→ **Available data**:
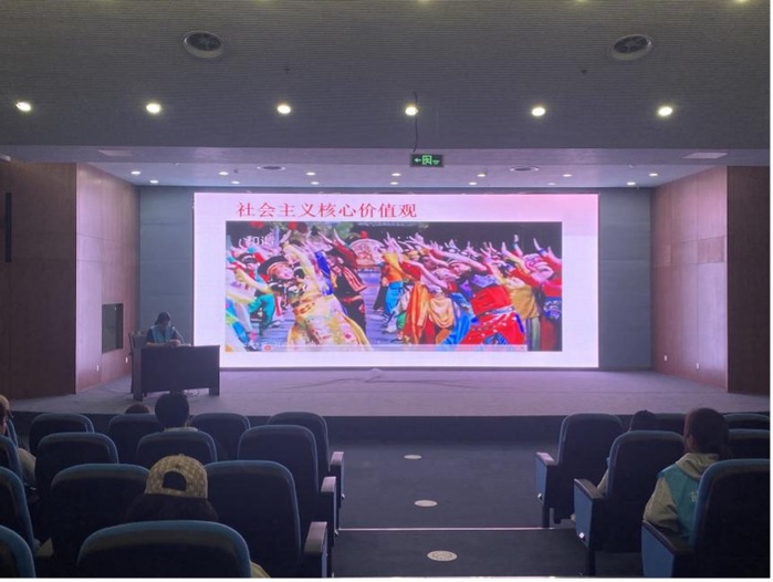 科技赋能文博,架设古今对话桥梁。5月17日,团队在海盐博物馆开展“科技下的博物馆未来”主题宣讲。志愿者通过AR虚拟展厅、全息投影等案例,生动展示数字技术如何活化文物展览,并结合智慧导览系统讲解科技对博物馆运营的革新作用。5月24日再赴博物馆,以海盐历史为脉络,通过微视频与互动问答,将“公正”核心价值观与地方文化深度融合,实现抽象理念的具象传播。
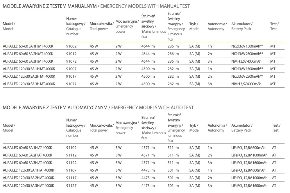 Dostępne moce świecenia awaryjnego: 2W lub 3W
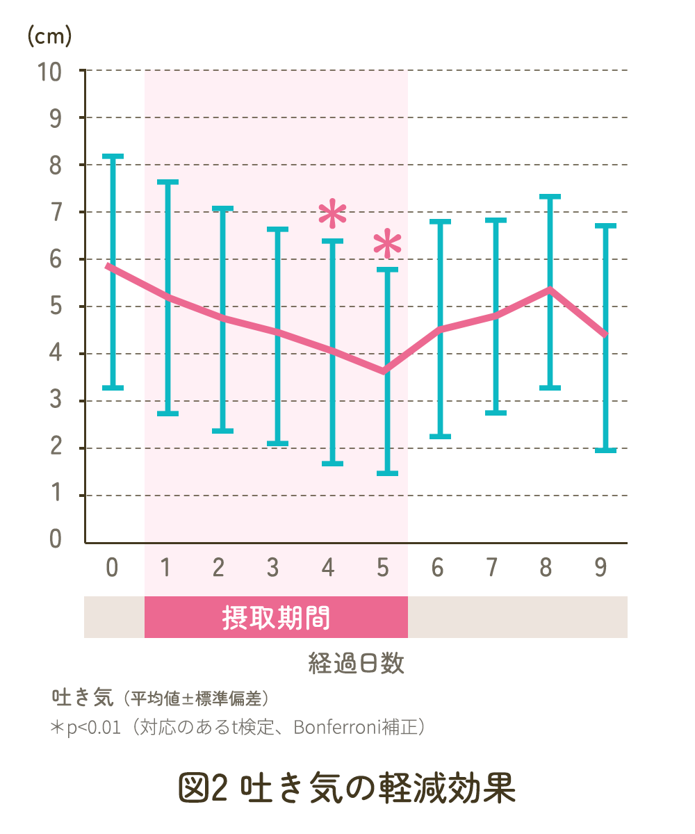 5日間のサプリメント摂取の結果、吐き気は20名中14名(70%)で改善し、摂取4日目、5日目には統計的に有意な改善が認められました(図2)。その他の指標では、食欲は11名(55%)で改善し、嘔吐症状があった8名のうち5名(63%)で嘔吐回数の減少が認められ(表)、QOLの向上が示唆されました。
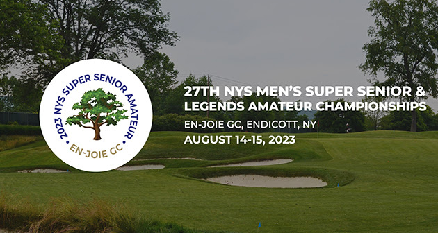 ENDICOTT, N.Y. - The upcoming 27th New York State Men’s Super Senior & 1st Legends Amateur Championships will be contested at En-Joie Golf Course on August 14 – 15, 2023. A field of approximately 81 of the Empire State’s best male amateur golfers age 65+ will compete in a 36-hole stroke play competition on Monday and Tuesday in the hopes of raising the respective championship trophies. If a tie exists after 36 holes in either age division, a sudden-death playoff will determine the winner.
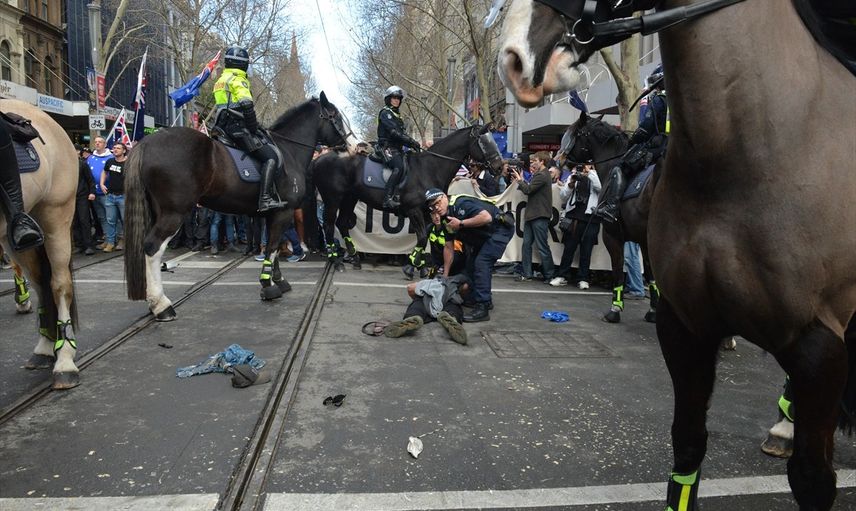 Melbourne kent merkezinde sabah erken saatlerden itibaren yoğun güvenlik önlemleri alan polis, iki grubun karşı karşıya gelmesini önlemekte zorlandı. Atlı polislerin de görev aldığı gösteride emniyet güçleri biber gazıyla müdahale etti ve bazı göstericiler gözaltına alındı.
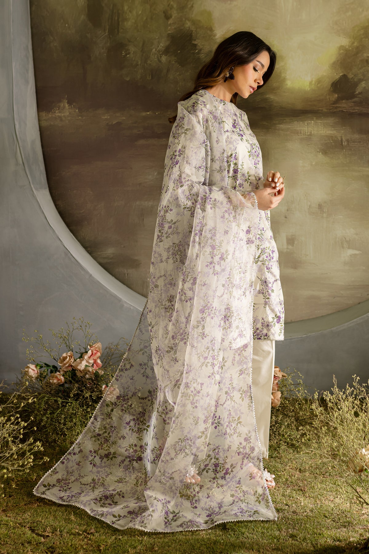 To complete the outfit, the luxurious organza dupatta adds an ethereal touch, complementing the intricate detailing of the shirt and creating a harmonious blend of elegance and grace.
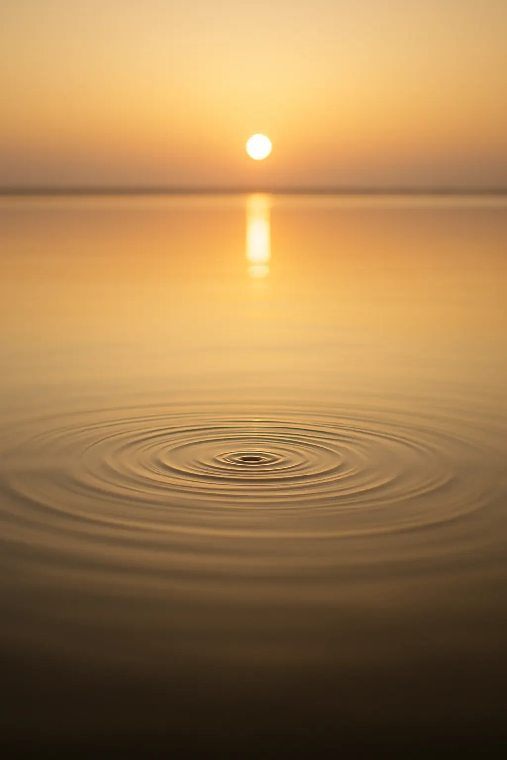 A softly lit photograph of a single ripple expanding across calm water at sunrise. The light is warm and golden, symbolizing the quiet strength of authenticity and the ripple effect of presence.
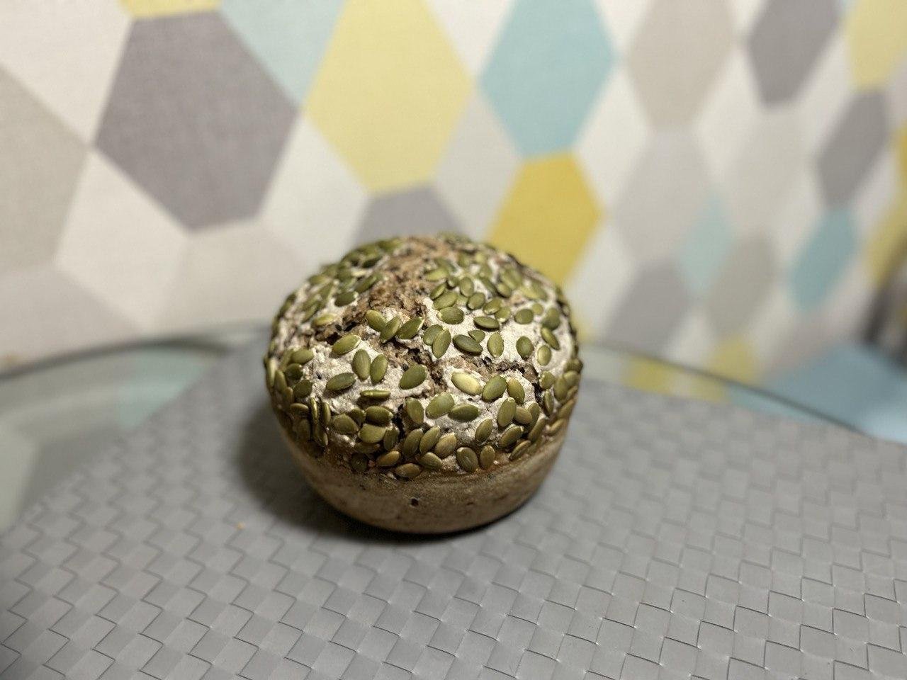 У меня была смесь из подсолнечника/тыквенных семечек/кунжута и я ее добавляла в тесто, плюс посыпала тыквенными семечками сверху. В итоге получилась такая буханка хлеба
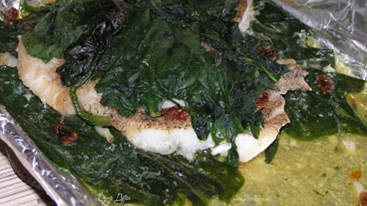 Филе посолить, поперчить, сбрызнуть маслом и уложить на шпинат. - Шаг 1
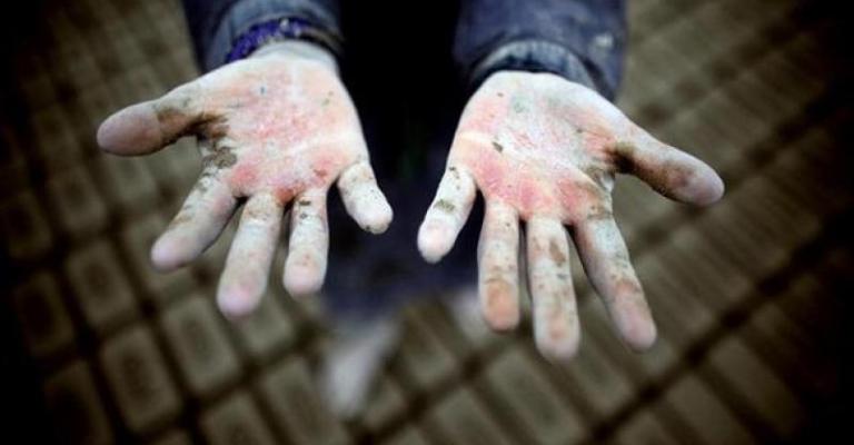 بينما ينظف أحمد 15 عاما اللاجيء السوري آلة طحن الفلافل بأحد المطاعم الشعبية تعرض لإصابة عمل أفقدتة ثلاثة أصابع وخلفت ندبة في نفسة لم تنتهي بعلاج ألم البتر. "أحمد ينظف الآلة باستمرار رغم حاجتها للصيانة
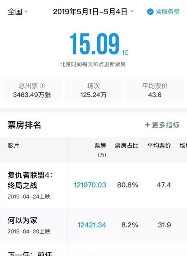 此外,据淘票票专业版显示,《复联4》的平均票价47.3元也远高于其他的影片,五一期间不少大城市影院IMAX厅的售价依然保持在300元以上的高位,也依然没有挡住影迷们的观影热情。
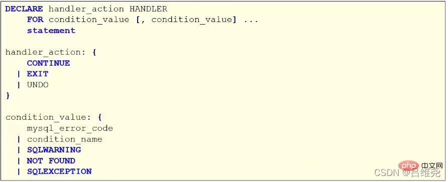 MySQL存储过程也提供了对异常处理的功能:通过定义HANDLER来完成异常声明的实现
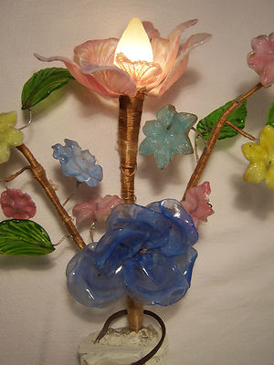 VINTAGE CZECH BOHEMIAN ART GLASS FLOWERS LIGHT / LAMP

→ **Work task**: Only one part of the material above is wanted: the lines from the one with "To complete the" up to and including the one with "A softly lit". Please copy them exactly, pictures left out.

→ **Solution to this problem**:
 To complete the outfit, the luxurious organza dupatta adds an ethereal touch, complementing the intricate detailing of the shirt and creating a harmonious blend of elegance and grace.
 A softly lit photograph of a single ripple expanding across calm water at sunrise. The light is warm and golden, symbolizing the quiet strength of authenticity and the ripple effect of presence.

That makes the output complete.